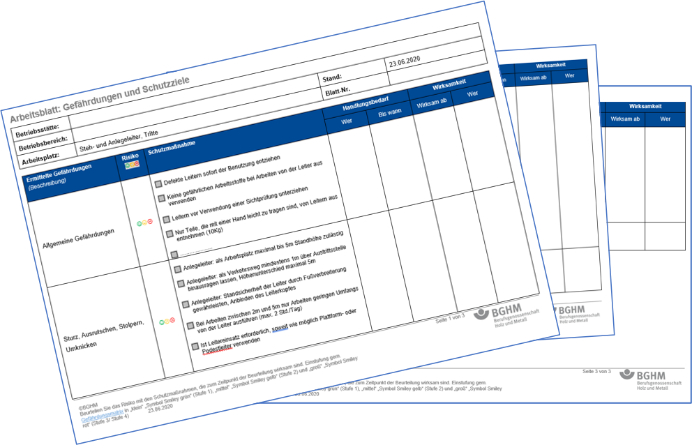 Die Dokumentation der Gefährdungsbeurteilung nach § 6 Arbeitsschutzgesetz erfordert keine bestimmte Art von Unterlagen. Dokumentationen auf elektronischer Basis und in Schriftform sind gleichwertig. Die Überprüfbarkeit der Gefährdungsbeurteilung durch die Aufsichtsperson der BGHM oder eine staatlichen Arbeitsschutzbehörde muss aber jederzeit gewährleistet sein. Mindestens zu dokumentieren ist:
--
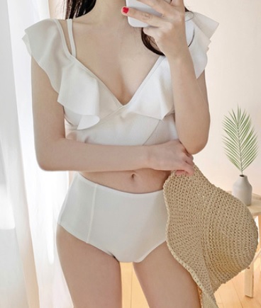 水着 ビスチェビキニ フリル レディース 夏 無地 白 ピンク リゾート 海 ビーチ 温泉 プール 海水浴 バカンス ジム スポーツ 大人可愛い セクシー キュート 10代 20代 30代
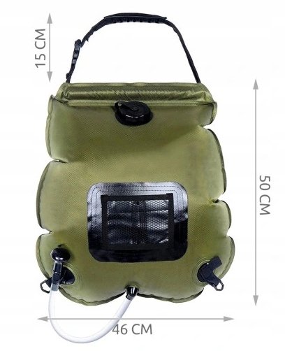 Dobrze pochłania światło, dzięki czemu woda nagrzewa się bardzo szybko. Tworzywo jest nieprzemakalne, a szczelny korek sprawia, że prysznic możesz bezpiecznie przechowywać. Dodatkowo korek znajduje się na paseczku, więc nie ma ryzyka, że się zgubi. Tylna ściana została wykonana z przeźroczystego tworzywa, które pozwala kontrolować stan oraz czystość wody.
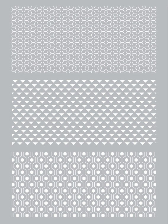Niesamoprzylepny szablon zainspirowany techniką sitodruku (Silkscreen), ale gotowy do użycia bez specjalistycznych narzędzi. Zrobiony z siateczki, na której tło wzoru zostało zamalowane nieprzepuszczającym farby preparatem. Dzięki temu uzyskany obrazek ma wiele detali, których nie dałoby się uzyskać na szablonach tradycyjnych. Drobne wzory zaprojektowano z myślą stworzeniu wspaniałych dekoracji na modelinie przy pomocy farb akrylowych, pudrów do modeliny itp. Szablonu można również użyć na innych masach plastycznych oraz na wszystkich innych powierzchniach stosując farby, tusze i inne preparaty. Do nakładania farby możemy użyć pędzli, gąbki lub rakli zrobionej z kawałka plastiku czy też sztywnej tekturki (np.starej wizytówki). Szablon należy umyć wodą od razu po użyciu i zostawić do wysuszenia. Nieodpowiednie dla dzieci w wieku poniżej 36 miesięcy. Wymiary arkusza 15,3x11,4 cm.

Goal of the exercise:
Return exactly the part of the listing above that opens with the line containing "水着 ビスチェビキニ フリル" and closes with the line containing "Dobrze pochłania światło, dzięki". Pictures stay out.

Written solution:
 水着 ビスチェビキニ フリル レディース 夏 無地 白 ピンク リゾート 海 ビーチ 温泉 プール 海水浴 バカンス ジム スポーツ 大人可愛い セクシー キュート 10代 20代 30代
 Dobrze pochłania światło, dzięki czemu woda nagrzewa się bardzo szybko. Tworzywo jest nieprzemakalne, a szczelny korek sprawia, że prysznic możesz bezpiecznie przechowywać. Dodatkowo korek znajduje się na paseczku, więc nie ma ryzyka, że się zgubi. Tylna ściana została wykonana z przeźroczystego tworzywa, które pozwala kontrolować stan oraz czystość wody.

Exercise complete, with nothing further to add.